Тридцатого марта в зале Мольера, излюбленном месте народных собраний времен немецкой осады, некто Пейзан – человек новый в Париже – делал доклад о Парижской Коммуне. Равэ помчался туда. Зал был набит битком. Общее впечатление от доклада и прений у Равэ осталось такое, что переворот завершен и больше не о чем разговаривать. Через три-четыре дня министры в Версале поймут, что остались без страны, и события закончатся так, как прикажет Париж. Равэ ушел домой успокоенный. Когда второго апреля тот же Пейзан читал в Национальном клубе, в трех минутах ходьбы от тестя, лекцию «О магнетизме и спиритизме у церковников», Равэ, смеха ради, потащил туда тещу и жену с детьми. Тут встретили десяток знакомых, докладчик опаздывал, в зале стоял грохот разговоров. Новости поступали ежеминутно, и от их чудовищного неправдоподобия становилось страшно. Пришли толпой национал-гвардейцы 73-го монмартрского батальона, бывшие плотники. Равэ знал их по Международной выставке 67 года. Они рассказали, – он ахнул! – что две колонны версальцев, одна через Вокресон, другая через Нантер, соединились в Берже и разбили отряд Коммуны, защищавший Курбевуа. Гарибальдийский батальон был почти полностью уничтожен в этом сражении.
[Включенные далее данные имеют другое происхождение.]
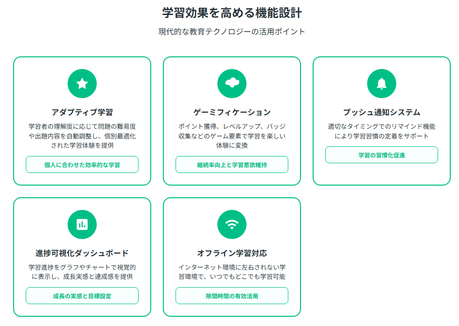 教育アプリの成功には、単なる情報提供を超えた学習効果の最大化が不可欠です。現代の教育テクノロジーを活用することで、従来の学習方法では実現できない個別最適化された学習体験を提供できます。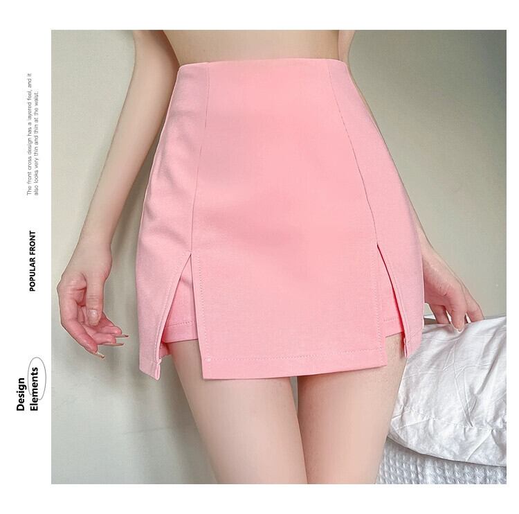 黒のショートスカートの女性 2024 春の新セクシーなスカートスリットハイウエスト痩身 a ラインスカート ハイウェスト ブラック スプリング 春物 Aライン nana38284414818 | modepoisson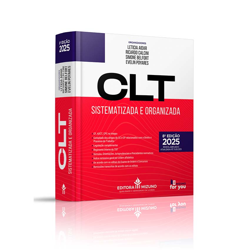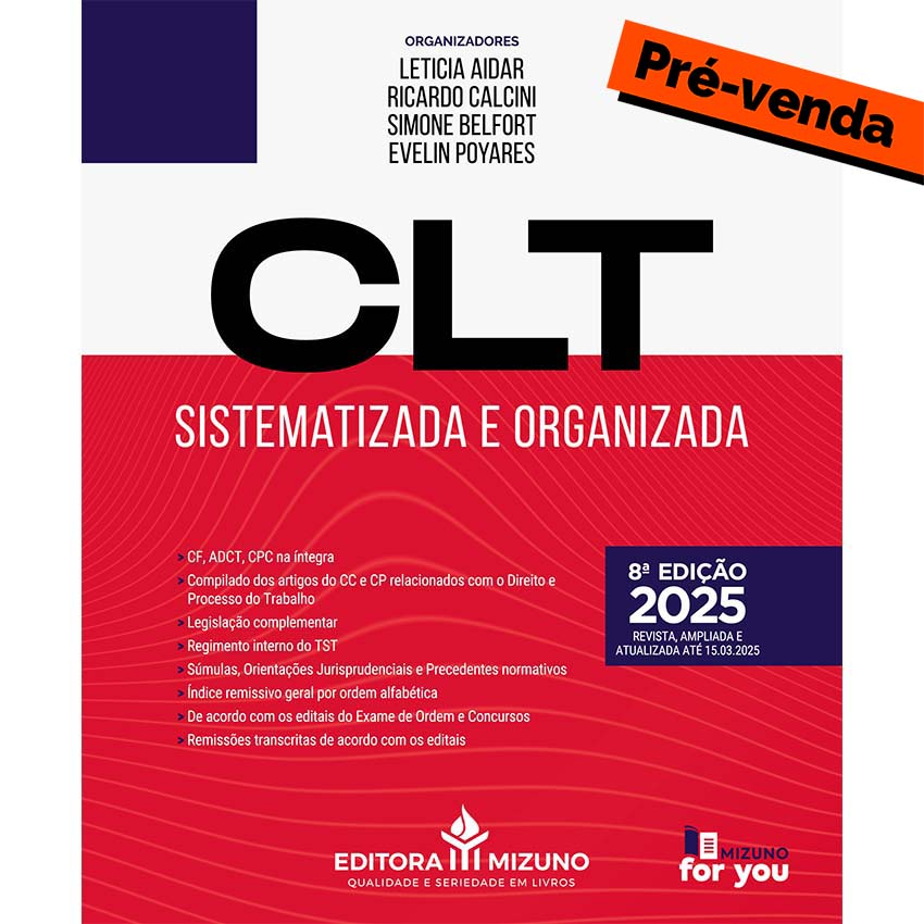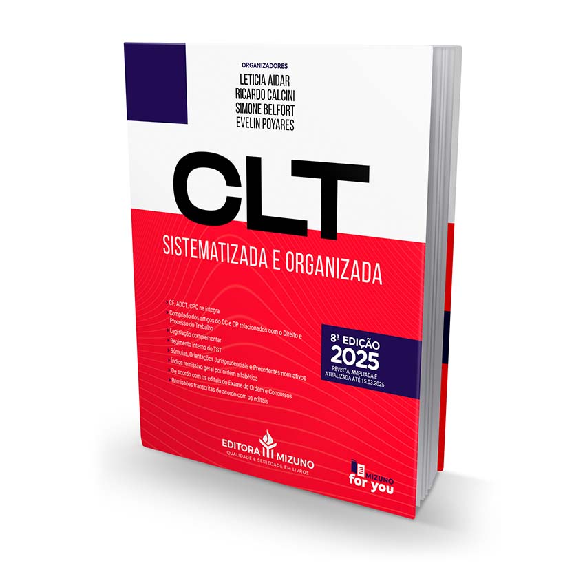 A CLT Sistematizada e Organizada - 8ª edição é uma obra essencial para profissionais e estudantes do Direito que buscam excelência, agilidade e profundidade em seus estudos e práticas jurídicas. Com curadoria criteriosa de Leticia Aidar, Ricardo Calcini, Simone Belfort e Evelin Poyares, e publicada pela Editora Mizuno, esta edição reforça seu compromisso com o ensino jurídico de qualidade e a aplicação prática da legislação trabalhista.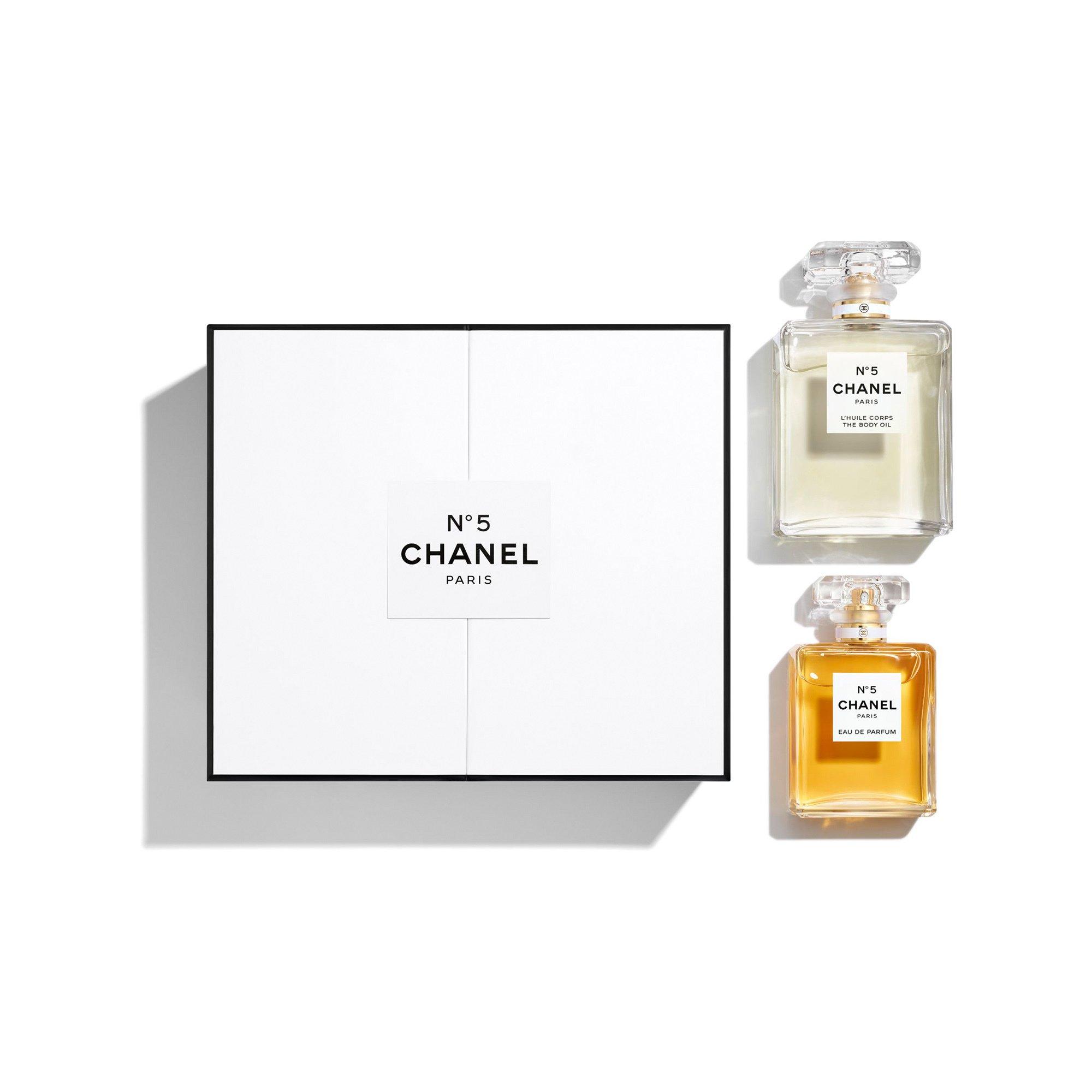 À l’occasion des fêtes de fin d’année, CHANEL imagine un coffret réunissant N°5 Eau de Parfum et N°5 L’Huile Corps dans un format exclusif reprenant les lignes du flacon iconique N°5.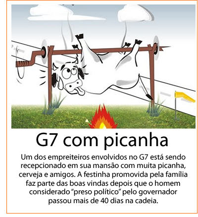 O diretor-presidente do Iapen, Dirceu Augusto, teria ficado numa famosa “saia justa” com os presos de luxo da G-7. O motivo: por ter deixado o empreiteiro Sérgio Nakamura sair algemado da Papudinha, no Camburão da PM junto com outros presos até o Fórum Criminal na semana passada, onde o empreiteiro prestou depoimento por causa de crime ambiental. (LT)

– Придется воевать? – спросил Равэ и сам же ответил, убежденно тряся головой: – Ерунда! Недоразумение! Хотят запугать – только и всего. Верно я говорю?
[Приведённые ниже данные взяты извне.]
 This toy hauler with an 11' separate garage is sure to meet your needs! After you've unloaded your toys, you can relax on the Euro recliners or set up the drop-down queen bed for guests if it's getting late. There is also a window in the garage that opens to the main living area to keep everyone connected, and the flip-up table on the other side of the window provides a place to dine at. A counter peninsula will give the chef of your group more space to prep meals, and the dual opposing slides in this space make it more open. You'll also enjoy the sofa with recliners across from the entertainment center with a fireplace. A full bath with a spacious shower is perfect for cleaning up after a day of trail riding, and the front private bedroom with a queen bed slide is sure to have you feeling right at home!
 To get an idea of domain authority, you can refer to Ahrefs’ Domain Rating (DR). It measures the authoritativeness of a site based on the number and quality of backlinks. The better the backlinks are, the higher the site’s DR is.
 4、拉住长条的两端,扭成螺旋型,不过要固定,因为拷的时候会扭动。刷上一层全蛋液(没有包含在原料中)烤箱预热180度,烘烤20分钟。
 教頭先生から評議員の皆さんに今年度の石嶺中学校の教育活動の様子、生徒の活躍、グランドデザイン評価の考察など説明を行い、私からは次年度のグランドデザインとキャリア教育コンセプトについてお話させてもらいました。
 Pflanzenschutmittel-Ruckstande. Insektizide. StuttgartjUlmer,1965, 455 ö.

Национал-гвардейцы пожали плечами. Подошел Левченко, цирковой актер «Козак Жан», жилец тестя; он был белый и зеленый от следов грима, и лицо его все время старалось улыбаться, но не могло.
– В мэрии должны быть точные сведения, – сказал он. – Пойдем-ка.
Но в общем настроение у всех было прекрасным по своему бодрому легкомыслию. Везде было одно убеждение, что, раз правительство бежало в Версаль, значит оно запросит пощады.
Впятером отправились в мэрию. Там спокойно им сообщили, что – к сожалению – случай в Курбевуа верен, но дело не в нем, а в том, что на завтра назначена генеральная вылазка двух отрядов Национальной гвардии, во главе которых пойдут Флуранс, Ранвье, Бержере, Эд и Дюваль – первые генералы Коммуны.
– Такое наступление нужно было предпринять еще двадцатого марта, – сказал Левченко. – То, что легко достигалось тогда, сейчас дорого обойдется.
– Друг мой, что вы понимаете в этих делах? – прервал его Равэ. Он похож был на рыжего воробья, промокшего под дождем: маленький, верткий, взъерошенный. – Вы артист цирка, хорошо. Вы образованный человек, отлично. Вы революционер, превосходно. Но вы не француз. В наших делах с Версалем я понимаю больше, чем вы. Ничего не потеряно – ясно вам? – и ничего не упущено. Разве мы не знаем? – у Тьера нет армии. Наши гардмобили [12]12
Гардмобили– национальные гвардейцы.
[Закрыть]завтра решат судьбу дела. Спокойствие!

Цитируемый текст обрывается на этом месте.